In a setback for Obama, the White House announced yesterday its decision to delay health care rule requires companies to provide insurance to workers. The decision comes at a critical time in the overhaul of the administration of health care in the nation.
The mandate of the employer
Also called the "employer mandate", this specific provision requires companies with more than 50 workers provide coverage affordable and adequate insurance to employees. Those failing to do so is punishable by a fine of $ 2,000 per worker. The mandate will now take effect in January 2015, after the 2014 Congressional elections.
The employees should have to work 30 or more hours per week to be eligible for coverage, which was cited as a reason by some employers to simply reduce the number of employee hours worked per week.

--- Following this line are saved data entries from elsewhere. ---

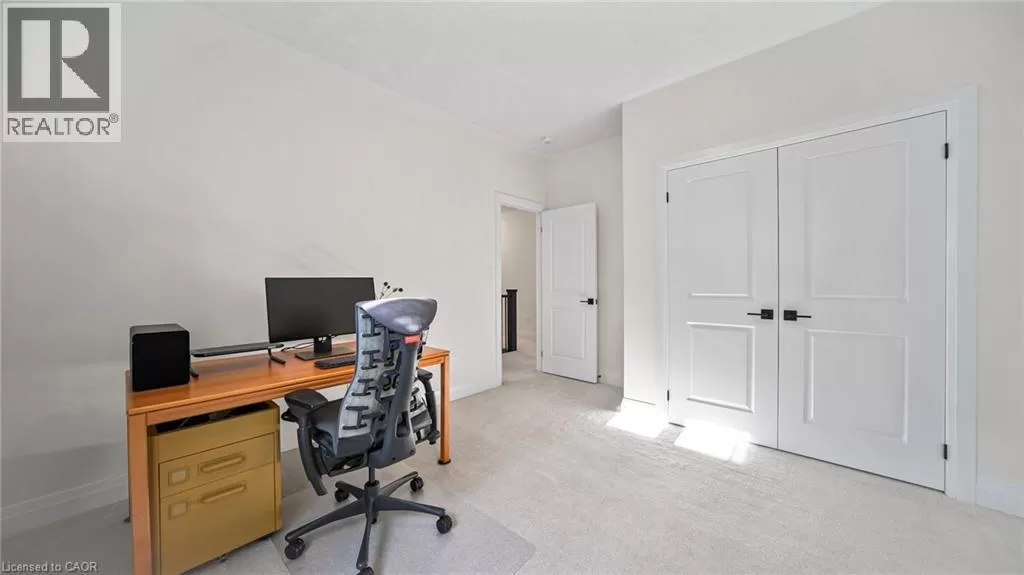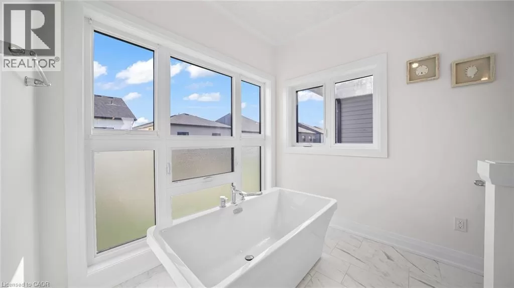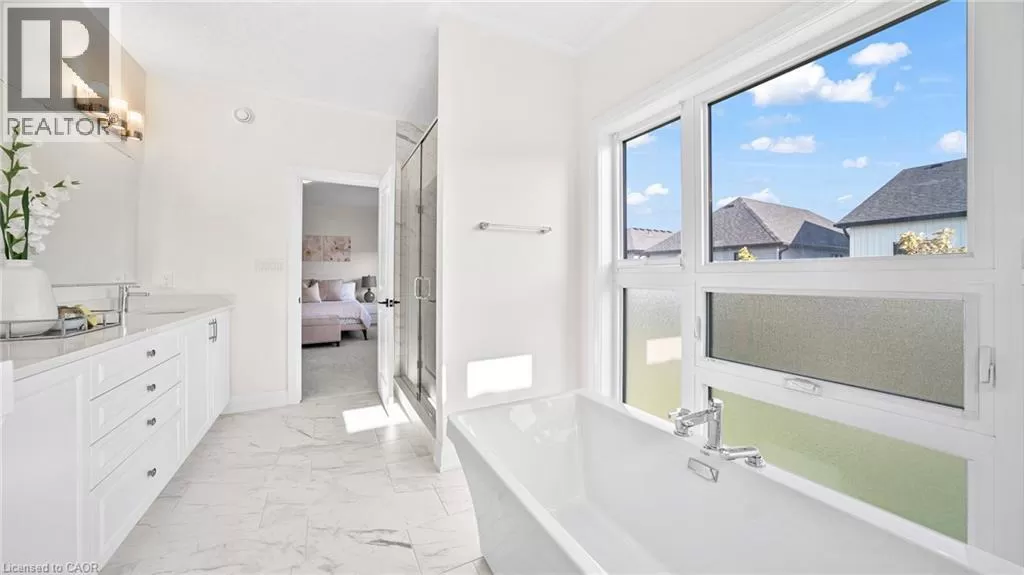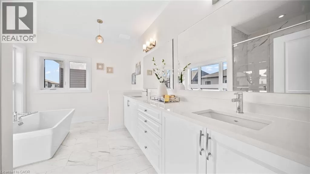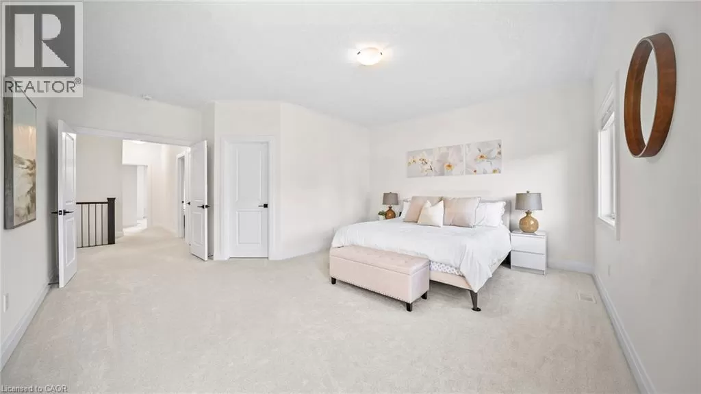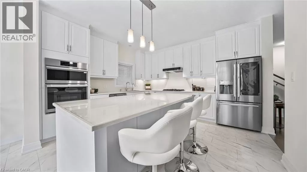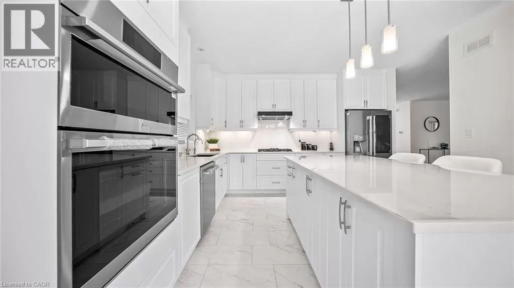 New Dundee and Dodge Experience modern living in this nearly new Net Zero Ready home in the coveted Harvest Park community. This amazing home features 4 bedrooms and 3.5 washrooms. With over $150,000 in upgrades, this custom-designed home combines style, comfort, and eco-conscious efficiency. The main floor boasts a bright open layout, highlighted by a chef-inspired kitchen with premium appliances, custom ceiling-height cabinetry, and seamless flow into the dining and great room perfect for entertaining. A striking waffle ceiling, powder room, and laundry complete the level. Soaring 9-foot ceilings continue throughout, including the professionally finished basement. Upstairs offers four spacious bedrooms plus a versatile family room that could serve as a fifth bedroom. The principal suite is a serene retreat with a walk-in closet and spa-like ensuite. The finished basement expands your living space with a large open area, full bath, and two storage rooms. With rough-ins for a kitchen, sink, and laundry, its ideal for a home theater, in-law suite, or secondary unit. Soundproofing throughout, including the garage ceiling, ensures quiet comfort. This Harvest Park gem offers the peaceful tranquility of green acres while being just minutes from Highway 401 and all the amenities of South Kitchener. **Some Photos are virtually staged** (id:27476)
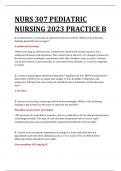 53. A nurse is caring for an infant who is receiving IV fluids for the treatment of tetralogy of Fallot and begin... i x Examen • 18 páginas • por jhaque • subido 2024 Vista rápida i x West Coast University • NURS 307 NURS 307 / NURS307 PEDIATRICS 2019 A. QUESTIONS WITH 100% CORRECT ANSWERS. (0) $11.49 0x vendido A nurse is assessing a school age child who has peritonitis. Which of the following findings should the nurse expect?
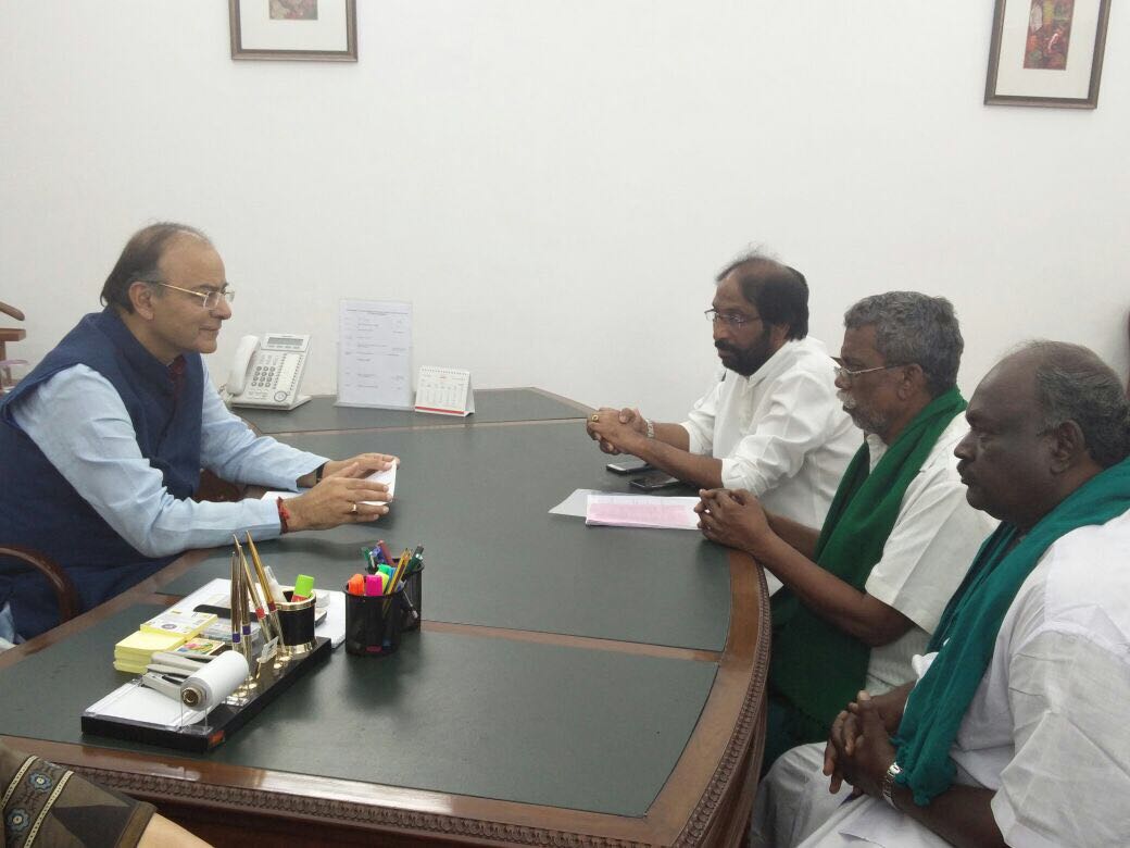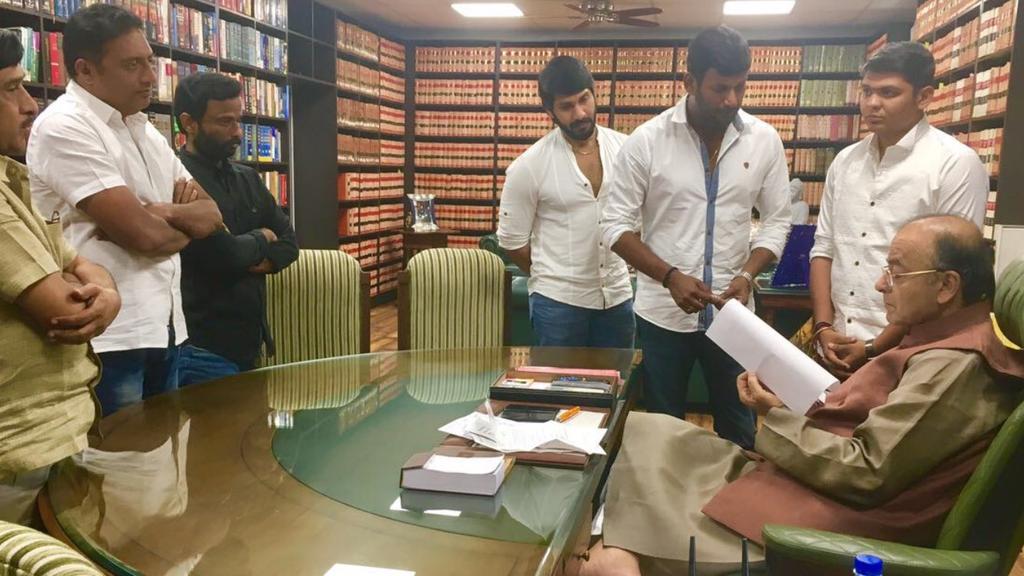 கடந்த சிலதினங்களுக்கு முன்பு தென்னிந்தியா நடிகர் சங்க தலைவர் விஷால் தலைமையில் நடிகர் பிரகாஷ்ராஜ், இயக்குனர் பாண்டிராஜ் விவசாயிகளை சந்தித்து தங்களின் ஆதரவை தெரிவித்ததையடுத்து, மத்திய நிதியமைச்சர் ஜேட்லியை சந்தித்து விவசாயிகளின் கோரிக்கைகளை முன் வைத்து மனு அளித்தனர்.
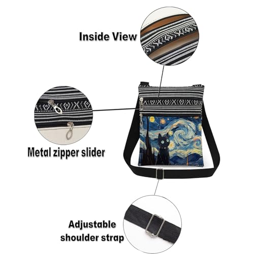Starry Cat Adjustable Shoulder Strap Crossbody Bag Van Gogh's oil painting with Black Cat Print for Cat Lover Daily Use Messenger Bag Birthday Gift Christmas Present​​ for Friend Sister 7
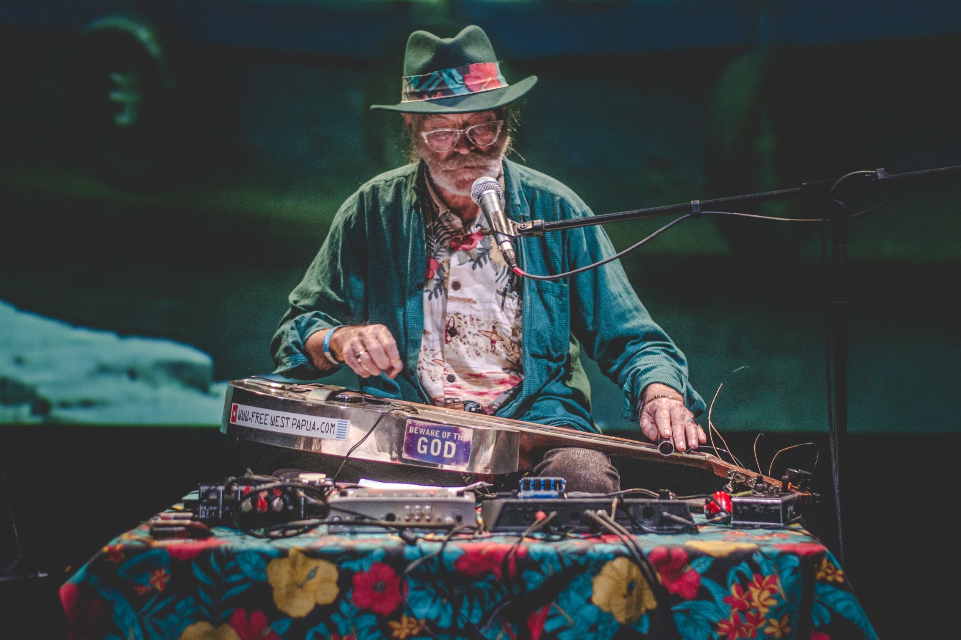 Mi música se centra en la improvisación y la composición instantánea. El instrumento principal que utilizo es una guitarra Lap-Steel o hawaiana, un instrumento que suele asociarse a la música hawaiana o al country estadounidense. Mi intención ha sido liberarla de ese cliché y de esos géneros. La guitarra Lap Steel se utiliza para tocar música en muchos otros lugares y estilos de todo el mundo, como la vietnamita, coreana, indonesia, india, etc,etc; esas músicas han influido en mi forma de tocar, así como la improvisación libre europea, el free jazz, el blues, el pop contemporáneo y la música exótica. Amplío mi Lap Steel, que es analógica, incorporando efectos digitales para transformar su sonido, además de utilizar una tableta Samsung, un iPad Mini y un iPhone, todos ellos cargados con diversas aplicaciones para construir mis improvisaciones y composiciones instantáneas en directo. Una orquesta de sobremesa, verdaderamente. La voz y el canto es otro de mis campos de interés, y desde hace varios años preparo una serie de textos que canto. La mayoría de estas piezas están hechas utilizando la técnica de recortes de William Burroughs y Brion Gysin aplicada a dos de las novelas de Thomas Pynchon El arco iris de la gravedad y V. para producir un corpus que, de alguna manera, a pesar de este método de selección aleatoria, parece expresar parte de mi preocupación por los océanos, la posible subida del nivel del mar en el futuro y sus consecuencias, que incluyen la inmigración, en un posible "futuro post-diluviano”. Sin embargo, estas "canciones" no están preparadas de antemano para ser presentadas de la manera estándar. Sólo está fijado el texto y no se lleva al concierto ninguna melodía, estructura de acordes o armonía preconcebidas, todo se improvisa en el momento; no hay "lista de canciones", sólo un montón de papeles con mi texto, que iré seleccionando al azar a medida que avance el concierto, normalmente sin solución de continuidad. Mis conciertos suelen ser largos, sin pausas, y duran al menos una hora. En la medida de lo posible, me acompaño de una selección de mis propios vídeos de la serie Island Gardens, filmados a lo largo de varios años en viajes realizados principalmente por zonas tropicales. Las islas someras de los océanos Pacífico e Índico ya están experimentando los efectos del calentamiento global y la subida del nivel del mar.
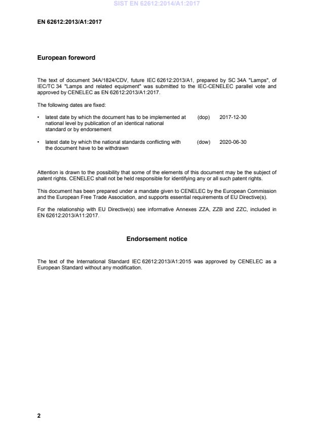 SIST EN 62612:2014/A1:2017 is a amendment published by the Slovenian Institute for Standardization (SIST). Its full title is "Self-ballasted LED lamps for general lighting services with supply voltages > 50 V - Performance requirements (IEC 62612:2013/A1:2015)". This standard covers: 2017-06-08: Final decision is to publish A1 and A11 separately the same day. A1 is identical to IEC A1. 2017-05-31: D156/039: to be published 2017-05-04: Publication on the hold pending TC 34A reply about A11 (pr=58955) 2015-11-18 - CLC/TC 34A request that A1 is published together with the European Amendment A11 (WI 58955).
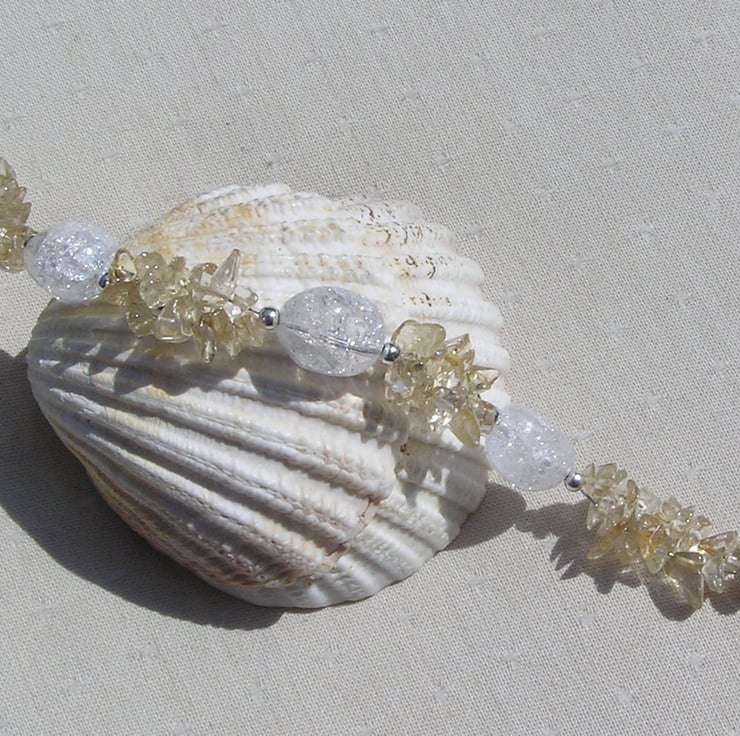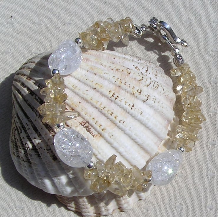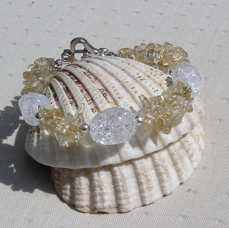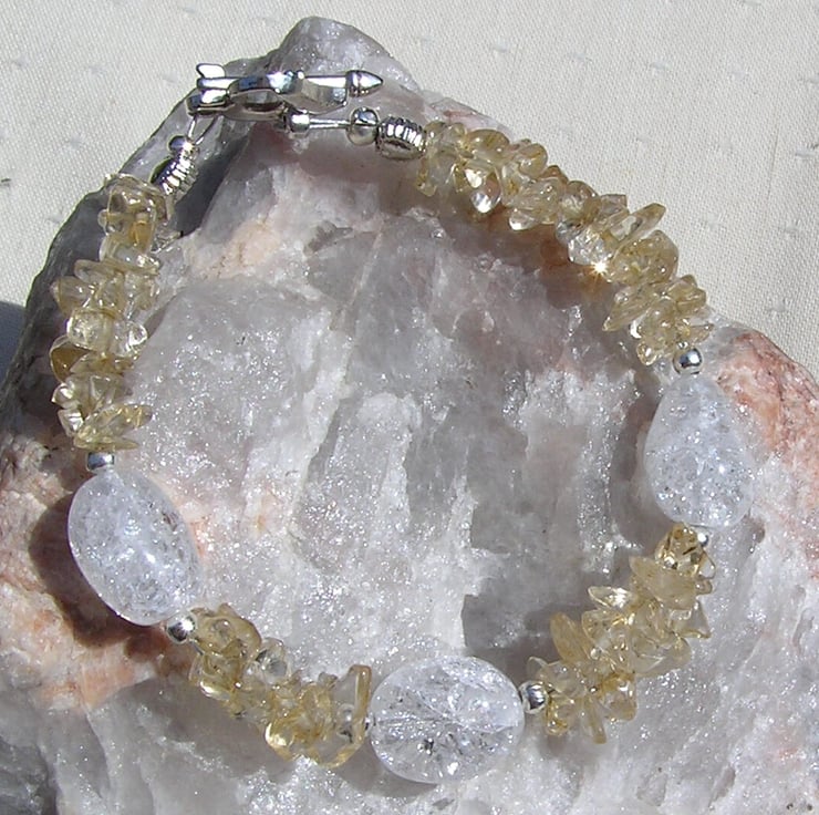 This Stunning Bracelet is made from three Chunky Crackled Quartz Nuggets separated by double-stranded Citrine Gem Chips along with tiny Silver spacers - a Beautiful glistening combination that will look stunning either worn casually or with something more Elegant for a Special Evening out

White House maintains that the delay of the employer mandate will help reduce financial and regulatory burdens on businesses by allowing them more time to comply with the new law. This includes adapting monitoring systems and requirements that many companies, large and small, have expressed complaints about the reports.
What about the employees?
The decision to push back the employer's mandate may have an impact on some employees, like those who have received coverage under the reform of health care will be required to use the health insurance market.
federal tax subsidies will be available for eligible employees who make between 100 and 400 percent of the federal poverty level (FPL), which does not have an employer's coverage.
US Treasury will issue further details about the delay of this provision in a week.